Abstract:
The score reliability of language performance tests has attracted increasing interest. Classical Test Theory cannot examine multiple sources of measurement error. Generalizability theory extends Classical Test Theory to provide a practical framework to identify and estimate multiple factors contributing to the total variance of measurement. Generalizability theory by using analysis of variance divides variances into their corresponding sources, and finds their interactions. This study used generalizability theory as a theoretical framework to investigate the effect of raters’ gender on the assessment of EFL students’ writing. Thirty Iranian university students participated in the study. They were asked to write on an independent task and an integrated task. The essays were holistically scored by 14 raters. A rater training session was held prior to scoring the writing samples. The data were analyzed using GENOVA software program. The results indicated that the male raters’ scores were as reliable as those of the female raters for both writing tasks. Large rater variance component revealed the low score generalizability in case of using one rater. The implications of the results in the educational assessment are elaborated.
Machine summary:
The results indicated that the male raters’ scores were as reliable as those of the female raters for both writing tasks.

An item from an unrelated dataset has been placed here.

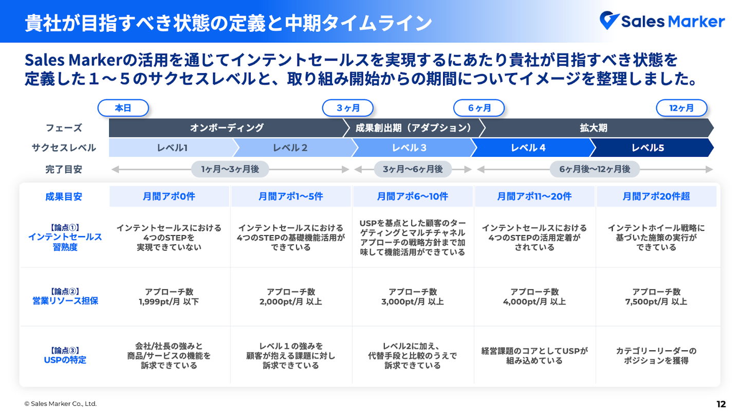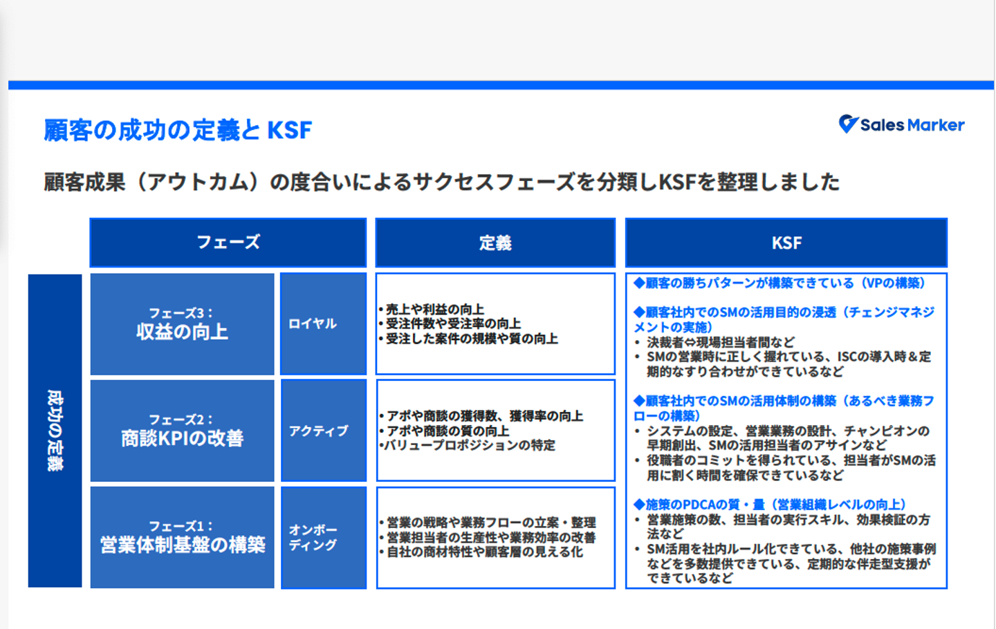 フェーズ1は営業の業務フローを確立させ、体制の基盤を整えます。フェーズ2では商談アポ数を増やし、質を高めていきます。フェーズ3で最終的に受注・売上貢献を達成。そのためのキーファクターを解明するために、「Sales Marker」を活用し、PDCAの量と質を同時達成させていくわけです。
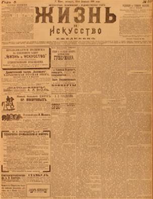 Бібліографічний опис: Жизнь и Искусство [Електронна копія] : ежедн. лит.-полит. и худож. газ. / ред.-изд. М. Е. Краинский. Киев : М. Е. Краинский, 1893 (Київ : НБУ ім. Ярослава Мудрого). № 57 : Черверг, 26-го февраля. Электрон. текст. дан. (1 файл : 13,1 Мб). 1898 (Київ: НБУ ім. Ярослава Мудрого, 2021).

The sources of error affecting the reliability of written compositions include the student, the scoring method, raters’ professional background, gender, experience, rating scales, the physical environment, the design of the items, and the test itself and even the methods and amount of training (Barkaoui, 2008; Brown, 2010; Cumming, Kantor & Powers, 2001; Huang, 2007, 2009, 2011; Huang & Han, 2013; Mousavi, 2007; Shohamy, Gordon & Kraemer, 1992; Weigle, 1994, 1999, 2002).
G-theory Studies on Writing Assessment Recently, several studies utilized G-theory to inspect the reliability and validity of EFL/ESL writing scores and to explore the relative effect of different facets (raters, tasks, rating scale, etc.
Discussion and Conclusion The purposes of the current study were to assess the reliability of writing assessment when taking into account the facets of tasks, raters, and raters’ gender and to find the effect of sequentially increasing the number of male and female raters.
In another study, Gebril (2006) used two different scoring rubrics to compare the performance of EFL students on independent and integrated writing tasks and reported a high correlation between the two sets of scores.
In sum, the current study attempted to investigate the score generalizability of independent and integrated writing tasks rated by male and female raters.
Implications of the Study The present research aimed to scrutinize the effects of raters’ gender on the scoring variability and reliability of IELTS different writing tasks.